Most of us who fly fish have far more rods and reels than we need – and for sure, we’ve got hundreds if not thousands of flies. So a good choice of gift this Christmas for that fly fisher in your family is D. Dauphinee’s new book, Stoneflies & Turtleheads, published by North Country Press in Unity. Or you can just buy it for yourself!
This is neither a “my best fishing stories” book, nor a “how-to” boring and tedious recitation. For starters, Denis Dauphinee wrote the book for himself. While he’s done a bit of writing before, he says Stoneflies & Turtleheads “is my first attempt at writing something which I’ve wanted to write.”
His passion for fly fishing and writing combine very nicely in this unusual collection of interesting – and sometimes fascinating – stories. There is a bit of how-to here, well presented, and plenty of truth telling about getting skunked. I particularly related to those stories!
I especially enjoyed his stories of the time in his life when he wandered the globe, mostly for work, while always carrying his SAGE 5-weight fly rod, a single box of flies, and a few fly tying tools. He fished some mighty strange water.

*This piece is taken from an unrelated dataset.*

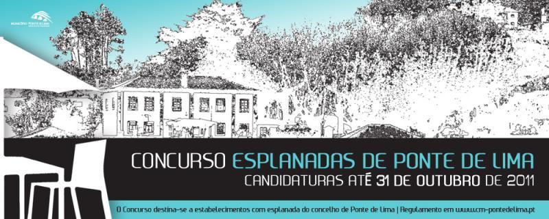 Encontra-se aberto o Concurso "Esplanadas de Ponte de Lima" destinado a todos os proprietários de estabelecimentos com esplanadas circunscritas no concelho, mediante o envio ou entrega da candidatura até ao dia 31 de outubro de 2011. Participe!

I know I’ll never get to the Urubamba River in Peru’s Sacred Valley of the Incas, but I sure did enjoy D’s story about his adventure there. Think steep ankle-breaking cliffs, and candiru, “tiny, skinny fish that reportedly will, if you pee in the water, swim up your urethra. It has retrose spines along its body and gets lodged in the penis. The pain, I’ve been told, is remarkable. The fish (with some damage to the penis) has to be surgically removed.”
Perhaps I’ll stick to the West Branch of the Penobscot! That’s another place that draws Denis Dauphinee, who spend plenty of time on my favorite Maine waters, including Grand Lake Stream.
D’s story of fishing Prestile Stream, one of the only limestone creeks in Maine, took me back to a political fight I got caught up in many decades ago. He tells that sorry story well, and without giving anything away, I’ll just say it is not a proud chapter in our state’s history.
Fly fishing purists may find D’s remarks about bass fishing to be sacrilegious, but I’m right there with him, casting eagerly to these voracious – and oftentimes huge – warm water nonnative fish.
The story, “The Greying of a Fly Fisher,” relates some of the injuries we old timers anticipate. Ouch!
D ranges from Tennyson (it’s not a river) to fish camp, and from his home waters near Bradley, Maine to Palestine, qualifying Denis Dauphinee as a fly fishing fanatic. I am so glad he wrote this book for himself!